Private millers lead the pack of highest performing sugar industries in Kenya

KENYA – Data from the Sugar Directorate indicate that, Kenyan private millers were the highest performing in the sugar industry in the nine months to September compared to state owned sugar companies.

Leading the pack is West Kenya Sugar who have extended their market share by 30 percent in the review period from 22.6 percent in the corresponding period last year, widening the pie to control more than a quarter of total production in the country.

The Kabras sugar maker saw its production shoot to 98,793 tonnes between January and September, against 83,116 tonnes in corresponding period last year.

The miller widened the gap with rival Butali Sugar that has now sunk to third position in production with 44,313 tonnes of sugar after being overtaken by Sukari factory, which came in second at 53,573 tonnes, reports Business Daily.

State-owned Nzoia Sugar Company emerged the best among the five government millers with production of 12,591 tonnes followed by South Nyanza Sugar Company (10,912 tonnes), Muhoroni (9,276 tonnes) and Chemelil (2,863 tonnes).

Most of the State-owned companies have been performing dismally due to lack of sufficient capital, ageing machinery, mismanagement and political interference with market leader Mumias Sugar Company remaining shut for a year now.

On the other hand, the private millers have installed new machines that are producing optimally and efficiently besides their private financial muscle.

Sugar imports in the nine months, grew by 70 percent compared with the same period last year as the counrty shipped in more of the sweetener to cover for local deficit.

Imports stood at 324,055 tonnes compared with 190,084 in the corresponding period last year.

Local production declined by 6 percent in the review period compared with last year following poor performance in most of the factories coupled with a shortage of raw material.

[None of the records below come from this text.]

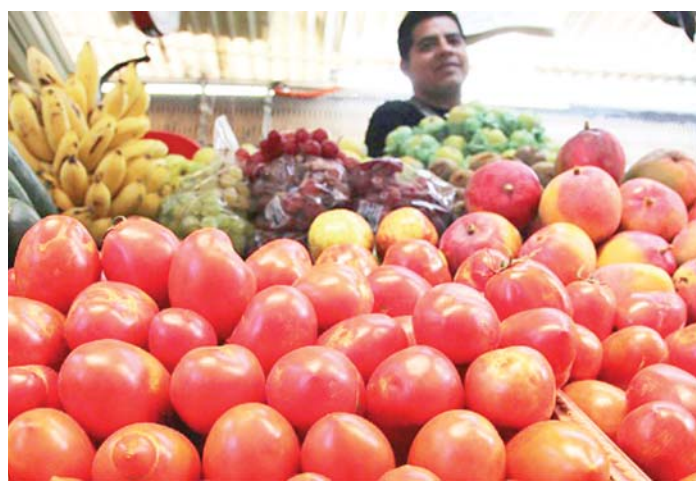
► El tomate ha elevado su precio en la última semana.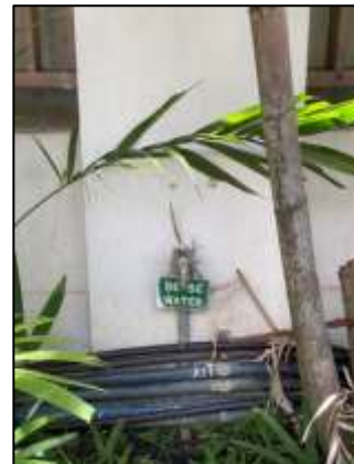
ภาพถ่าย 3-6 การนำน้ำที่ผ่านการบำบัดแล้วมาใช้ประโยชน์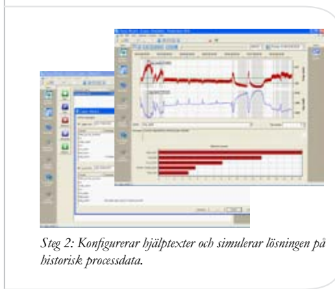
Steg 2: Konfigurerar hjälptexter och simulerar lösningen på historisk processdata.

Nu kan lösningen simuleras på historisk processdata. Det vill säga man kan spela upp ett historiskt scenario och se när och vilka råd Cause+ skulle ha gett en operatör.

Cane delivery to the factories dropped 12 percent in eight months to August compared with the corresponding period in 2019.

Data from the Kenya National Bureau of Statistics (KNBS) indicate that cane delivered to factories in the review period stood at 2.9 million tonnes against 3.4 million tonnes at the same time last year.

Total sugar sales were 324,311 tonnes compared with 348,380 tonnes sold in the same period last year, a decline of 7 percent.

Total Sugar closing stock held by all the sugar factories at the end of September 2019 was 10,878 tonnes against 17,866 tonnes in September 2018.